Para dokter yang pendidikannya memerlukan waktu 6-11 tahun (6 tahun untuk dokter umum termasuk masa internship, dan tambahan 4-5 tahun untuk dokter spesialis) bukanlah ‘barang disposable’ yang gampang diproduksi dengan instan.
Para dokter adalah SDM langka yang menjadi pilar utama untuk bisa terlaksananya sila kelima dari Pancasila khususnya pemenuhan kesejahteraan bagi seluruh rakyat Indonesia sebagaimana diamanatkan dalam Pembukaan UUD 1945.

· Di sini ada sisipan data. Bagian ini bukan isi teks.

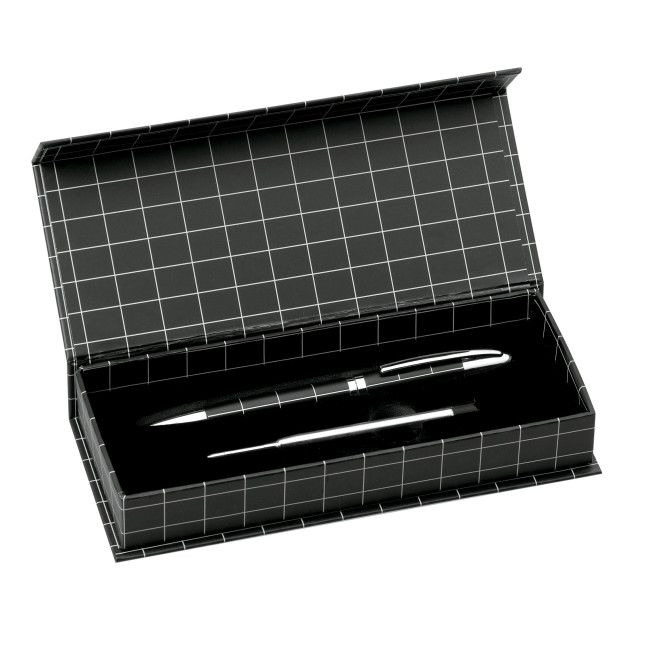 Elegante penna con meccanismo a rotazione, dal design sobrio e bicolore. Fusto in metallo con finitura liscia e rifiniture color argento. Presentata in un elegante astuccio nero con chiusura a calamita. Cartuccia Jumbo, ricarica inclusa, refill blu.

Belum puas rasanya sang komandan Terawan dalam mengganggu konsentrasi tempur pasukan khusus para dokter spesialis ini. Tiba-tiba sang komandan Terawan (yang tidak pernah diketahui keberadaannya) di luar kewenangannya sebagai Menkes, mengeluarkan surat perintah berupa PMK 24 tahun 2020 pada 21 September kemarin (data mengenai hal ini bisa di unduh di aplikasi sehatpedia, sebuah aplikasi resmi milik Kemenkes.
Sampai artikel ini ditulis, data ini belum di tayangkan di website resmi Kemenkes yang isinya menyebabkan kekisruhan dan mengacaukan TuPokSi berbagai satuan tempur dari pasukan khusus yang sedang sibuk bertugas di medan tempur. Para dokter spesialis ini masing-masing memiliki kompetensi khusus yang sebagian memang ada ‘overlap’ atau tumpang tindih antar bidang spesialis.
Tetapi semua persoalan terkait kesamaan kompetensi tempur dan penguasaan persenjataan di antara bidang spesialis ini sudah diatur dan disepakati antar korlap (koordinator lapangan) yaitu Kolegium bidang Ilmu yang tergabung dalam Majelis Kolegium Kedokteran Indonesia (MKKI).